- [WHAT YOU NEED TO DO] Please transcribe the data exactly as shown, skipping the images.

- [THE DATA]

______

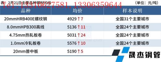 ◎調研數據顯示,2月22日福建省短流程無縫厚壁鋼管廠家基本全線復產;目前廠內庫存在0.32-2.3萬噸,與去年同期相比增加約3萬噸。詳情>>
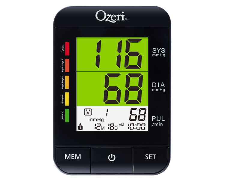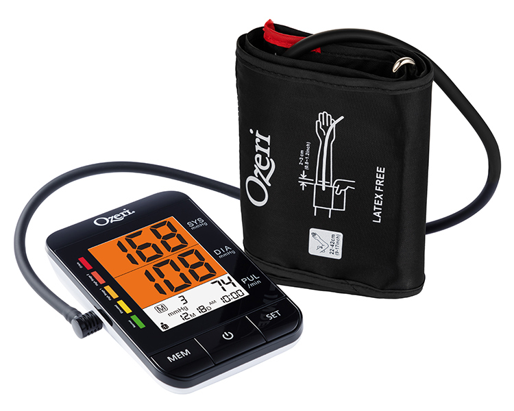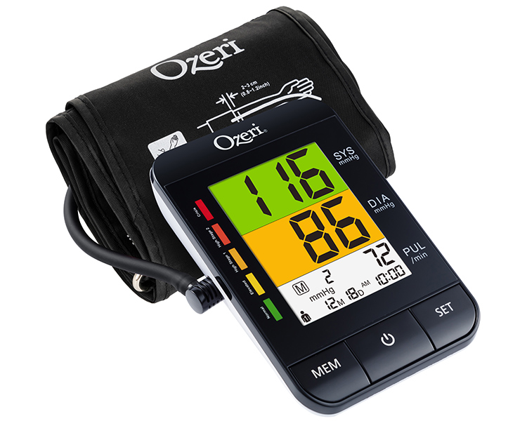 Compact, portable and simple to use, the CardioTech BP9W Arm Blood Pressure Monitor is an advanced arm-cuff monitor with Split-Screen Color Alert Technology. Traditional blood pressure monitors base their hypertension indicators on the combined results of systolic and diastolic blood pressure, without guidance as to whether the systolic or diastolic may require specific attention. The new Ozeri BP9W Blood Pressure Monitor take the anxiety out of interpreting measurement numbers by automatically classifying each BPM reading according to the American Heart Association’s hypertension latest guidelines, in split-screen colors, with separate hypertension color indicators for systolic and diastolic measurements. The colors range from green (normal), to yellow (elevated), light orange (hypertension stage 1), dark orange (hypertension stage 2), and red (crisis). The BP9W stores up to 1197 blood pressure readings (399 x 3 users) with date and time recall. It also calculates average blood pressure readings, and detects irregular heartbeat (Arrhythmia) for an improved understanding of your heart’s health. The BP9W automatically inflates to the appropriate level (no adjustments required) based on real-time blood pressure detection, thereby reducing measurement time and offering greater accuracy. This advanced capability adds convenience and ease of use to those with heart conditions, such as arrhythmia, that lead to fluctuating blood pressure. Backed by a 5 year warranty, the Ozeri CardioTech BP9W ships with 4 AAA (batteries included), a medium sized arm cuff included (9’’-17’’/22-42cm), a carrying case and an easy-to-follow user manual.
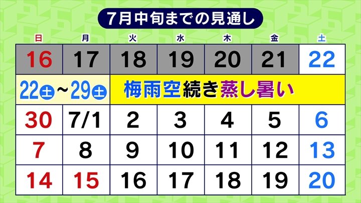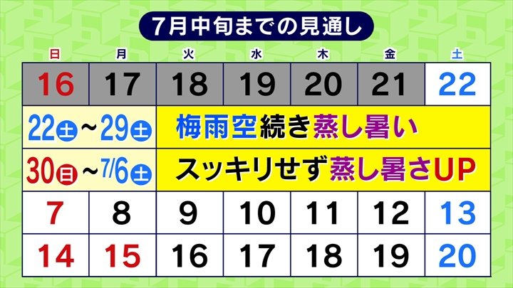 さらに、7月7日から20日にかけては曇りや雨の日が多くなります。

______

- [WRITTEN RESPONSE]
 ◎調研數據顯示,2月22日福建省短流程無縫厚壁鋼管廠家基本全線復產;目前廠內庫存在0.32-2.3萬噸,與去年同期相比增加約3萬噸。詳情>>
 Compact, portable and simple to use, the CardioTech BP9W Arm Blood Pressure Monitor is an advanced arm-cuff monitor with Split-Screen Color Alert Technology. Traditional blood pressure monitors base their hypertension indicators on the combined results of systolic and diastolic blood pressure, without guidance as to whether the systolic or diastolic may require specific attention. The new Ozeri BP9W Blood Pressure Monitor take the anxiety out of interpreting measurement numbers by automatically classifying each BPM reading according to the American Heart Association’s hypertension latest guidelines, in split-screen colors, with separate hypertension color indicators for systolic and diastolic measurements. The colors range from green (normal), to yellow (elevated), light orange (hypertension stage 1), dark orange (hypertension stage 2), and red (crisis). The BP9W stores up to 1197 blood pressure readings (399 x 3 users) with date and time recall. It also calculates average blood pressure readings, and detects irregular heartbeat (Arrhythmia) for an improved understanding of your heart’s health. The BP9W automatically inflates to the appropriate level (no adjustments required) based on real-time blood pressure detection, thereby reducing measurement time and offering greater accuracy. This advanced capability adds convenience and ease of use to those with heart conditions, such as arrhythmia, that lead to fluctuating blood pressure. Backed by a 5 year warranty, the Ozeri CardioTech BP9W ships with 4 AAA (batteries included), a medium sized arm cuff included (9’’-17’’/22-42cm), a carrying case and an easy-to-follow user manual.
 さらに、7月7日から20日にかけては曇りや雨の日が多くなります。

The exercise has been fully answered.